Court Opinion

ID: 3888305
Source: CourtListenerOpinion
Date Created: 2016-07-06 09:17:34.432525+00
Date Added: 2024-06-11T07:42:07.018831
License: Public Domain

It is conceded on all sides that the failure to file a return of tax sale is a departure from strictly accurate methods of procedure which will invalidate the sale before the deed has been of record for three years. The question here is whether such departure is available as ground for invalidating the sale notwithstanding the three-year statute of limitation. The question must be determined in each particular case with reference to the "principle that failure to do what might have been dispensed with may be cured by operation of a special limitation." The above principle has been approved by this court in several decisions.

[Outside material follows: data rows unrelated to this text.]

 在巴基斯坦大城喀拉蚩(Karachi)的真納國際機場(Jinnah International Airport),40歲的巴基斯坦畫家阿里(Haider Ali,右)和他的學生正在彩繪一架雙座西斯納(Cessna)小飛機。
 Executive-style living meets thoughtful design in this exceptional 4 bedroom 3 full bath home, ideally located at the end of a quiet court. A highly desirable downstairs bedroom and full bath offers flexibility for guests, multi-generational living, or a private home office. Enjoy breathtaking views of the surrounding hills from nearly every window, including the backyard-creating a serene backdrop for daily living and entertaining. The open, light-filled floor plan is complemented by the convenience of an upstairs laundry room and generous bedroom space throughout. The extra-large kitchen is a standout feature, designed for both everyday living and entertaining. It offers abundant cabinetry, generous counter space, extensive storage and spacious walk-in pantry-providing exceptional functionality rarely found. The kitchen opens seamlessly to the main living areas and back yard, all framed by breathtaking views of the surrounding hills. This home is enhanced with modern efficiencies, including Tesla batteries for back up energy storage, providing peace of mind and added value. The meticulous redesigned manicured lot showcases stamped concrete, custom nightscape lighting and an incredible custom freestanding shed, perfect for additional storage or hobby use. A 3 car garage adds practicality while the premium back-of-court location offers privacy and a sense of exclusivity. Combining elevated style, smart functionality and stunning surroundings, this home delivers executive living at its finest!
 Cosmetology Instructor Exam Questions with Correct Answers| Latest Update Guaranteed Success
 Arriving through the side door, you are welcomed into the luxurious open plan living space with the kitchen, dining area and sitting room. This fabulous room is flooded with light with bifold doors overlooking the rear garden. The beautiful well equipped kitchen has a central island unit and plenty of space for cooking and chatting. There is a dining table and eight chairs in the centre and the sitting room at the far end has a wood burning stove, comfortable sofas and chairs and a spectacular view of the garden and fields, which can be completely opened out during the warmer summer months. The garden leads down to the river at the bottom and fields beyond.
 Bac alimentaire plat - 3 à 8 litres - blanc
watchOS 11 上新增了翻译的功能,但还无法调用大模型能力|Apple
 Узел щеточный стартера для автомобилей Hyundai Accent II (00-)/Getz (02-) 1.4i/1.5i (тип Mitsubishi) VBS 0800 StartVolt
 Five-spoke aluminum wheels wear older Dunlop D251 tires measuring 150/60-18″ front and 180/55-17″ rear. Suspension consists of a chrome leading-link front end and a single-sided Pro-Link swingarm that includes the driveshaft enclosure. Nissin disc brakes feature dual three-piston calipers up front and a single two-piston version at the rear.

It is subject, however, to the rule that "there are some objections against tax titles that cannot be obviated by statute, (limitations) as the effect would be to deprive the owner of property without due process of law." Bandow v. Wolven, 20 S.D. 445, 107 N.W. 204, 205. Cain *Page 243 
v. Ehrler, 36 S.D. 127, 153 N.W. 941., is such a case. There the right of redemption and notice to redeem could have been dispensed with entirely before the sale, but after the sale those rights became vested rights in property which could not have been dispensed with by law. Due process required the serving of notice of redemption, and this requirement could not have been dispensed with under the facts in that case though there had been no statutory declaration of consequences.
In this case the filing of the return of tax sale might have been dispensed with at any time, not because there was no statutory declaration that the failure to file the return would invalidate the sale, but because the return did not affect any vested right of the owner in the land.